Robinson Hall, home of the Albion College History DepartmentEach year the Albion College History Department invites a distinguished scholar in U.S. history to share their work with the faculty, students, and community at-large. This endowed lecture series was established to honor the late Professor Coy James, a much-revered member of the History faculty for many years. Some recent speakers have included:

2011-12

Dr. Philip P. Mason, author and Emeritus Distinguished Professor of History at Wayne State University and the former Director of the Archives of Labor & Urban Affairs at the Walter P. Reuther Library, presented the Coy James Memorial History Lecture in November.

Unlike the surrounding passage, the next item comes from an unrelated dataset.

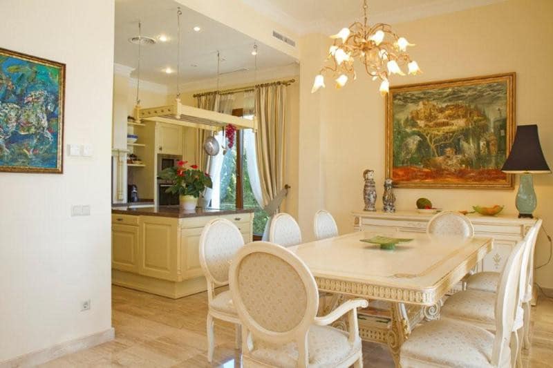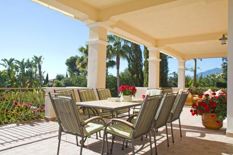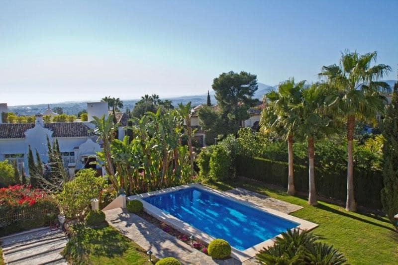 Due to the high demand on luxury properties for summer holidays this is an excellent choice! Situated in one of the most prestigious areas of Marbella, this palatial residence must be seen! Enjoying an elevated location overlooking a well sized plot with manicured gardens, private pool and stunning sea and mountain views. Comprises of sunny large terraces, ample lounge with fireplace, separate dining area and open plan kitchen with all the latest technology services and Gaggenau/Miele appliances. The ground floor consists of 2 bedroom suites and a cloakroom. The imposing centerpiece is a handcrafted, wrought iron/wooden made staircase which leads you up to the first floor with 3 large bedroom suites, both with access to the wide terrace to enjoy sun all day. Boasting a basement of 360 m2 with sauna, whirlpool, gym, laundry, storage and garage for 4 cars. The property stands out because of its elegant contemporary interior, the high ceilings and ample, light flooded rooms. High quality features like wrought iron/wooden carpentry, marble & wooden floors, under floor heating throughout, central air conditioning h/c, automatic water irrigation system, water deposit of 5000l and water purification system. International TV channels, Internet-.Wifi. Multiple service around the house available!
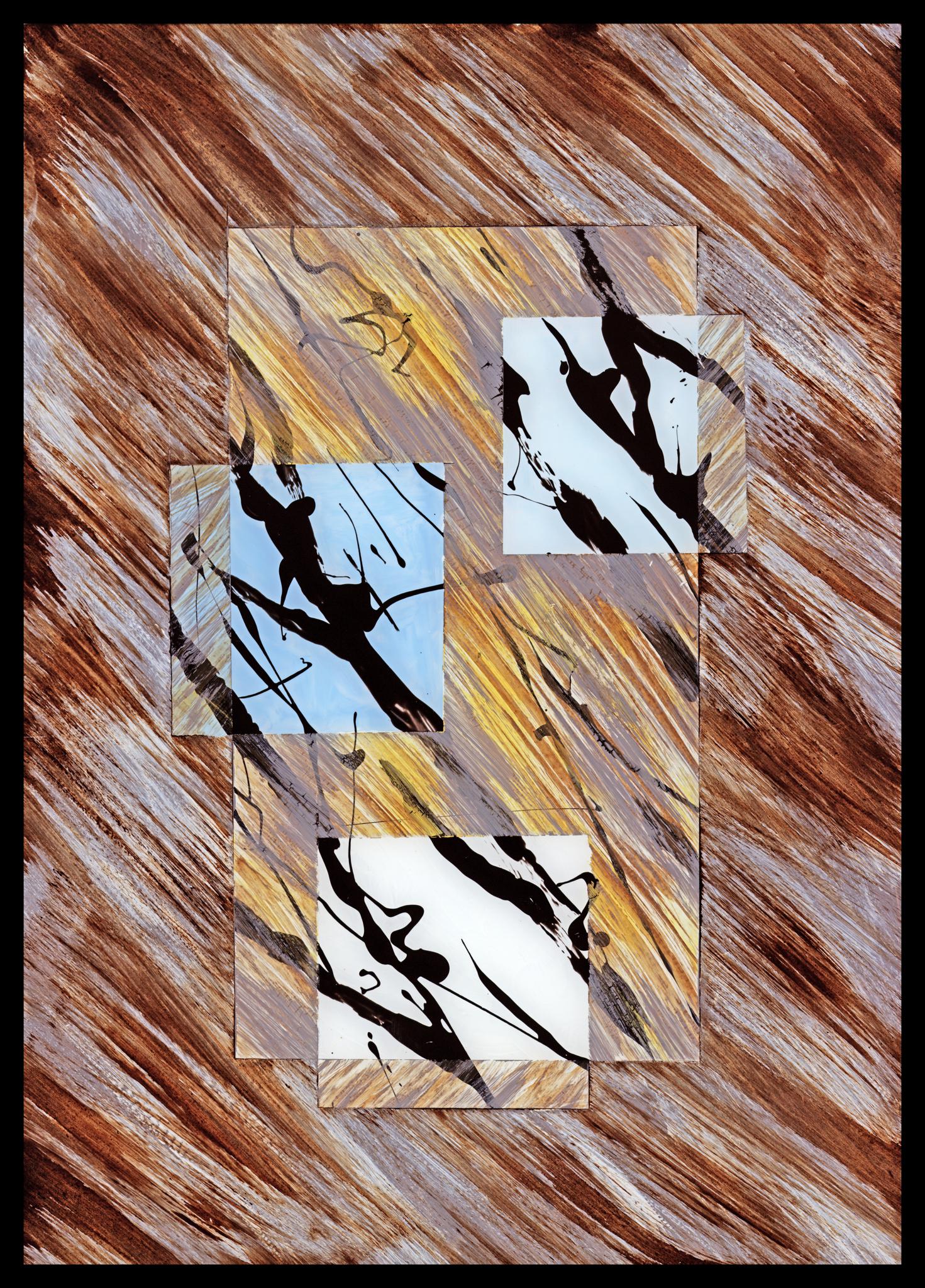 In mehreren Arbeitsgängen partielle Folienabdeckung, Deckfarben, mit Asphaltlack übermalt

Dr. Mason spoke on “Rum Running and the Roaring Twenties, Prohibition on the Michigan-Ontario Waterway.” The theme was selected as a Michigan complement to Ken Burns’ October series on prohibition.

2010-11

In February for Black History Month, the Coy James Memorial Lecture, entitled “Albion and the American Dream,” was presented by Professor Wesley Dick. Professor Dick discussed perspectives on the history of the Albion community, including the role of “the Albion Malleable Iron Company” in creating Albion’s multi-ethnic and inter-racial population, during World War II, desegregation of the West Ward School, the presidential campaign vist of John F. Kennedy, Dr. Martin Luther King., Jr.’s Albion speech, and Albion during the first Earth Day of 1970 when CBS news put Albion on its national network special.

2008-09

Dr. Kristin Hoganson (University of Illinois) presented her study on "Buying Into Empire: Exploring Material and Food Consumption,1865-1920, and the Historical Context of Globalization." Dr. Hoganson specializes in the history of the United States in global context and the cultures of U.S. imperialism.

2007-08

Kevin K. Gaines (University of Michigan) spoke on American Africans in Ghana: Black Expatriates in the Civil Rights Era. Gaines is director of the Center for Afroamerican and African Studies and professor of history at the University of Michigan. He is author of the award-winning Uplifting the Race: Black Leadership, Politics, and Culture during the Twentieth Century.

2006-07

Thomas J. Sugrue (University of Pennsylvania) presented his research on "Jim Crow's Last Stand: Detroit and America's Unfinished Struggle for Racial Equality." Prof. Sugrue is the author of prize-winning The Origins of the Urban Crisis: Race and Inequality in Postwar Detroit (Princeton University Press).

2005-06

Mae Ngai (University of Chicago) shared her work on "'An Ironic Testimony to the Value of American Democracy': Assimilationism and the World War II Internment of Japanese Americans." Prof. Ngai is the author of Impossible Subjects: Illegal Aliens and the Making of Modern America, 1924-1965 (Princeton University Press). Impossible Subjects has received multiple honors including the Frederick Jackson Turner Prize from Organization of American Historians and the Littleton Griswold Prize from American Historical Association.

2004-05

Nick Savatore (Cornell University) presented "Singing in a Strange Land: C.L. Franklin's Ministry from Mississippi to Detroit, 1915-1984, the focus of his most recent book.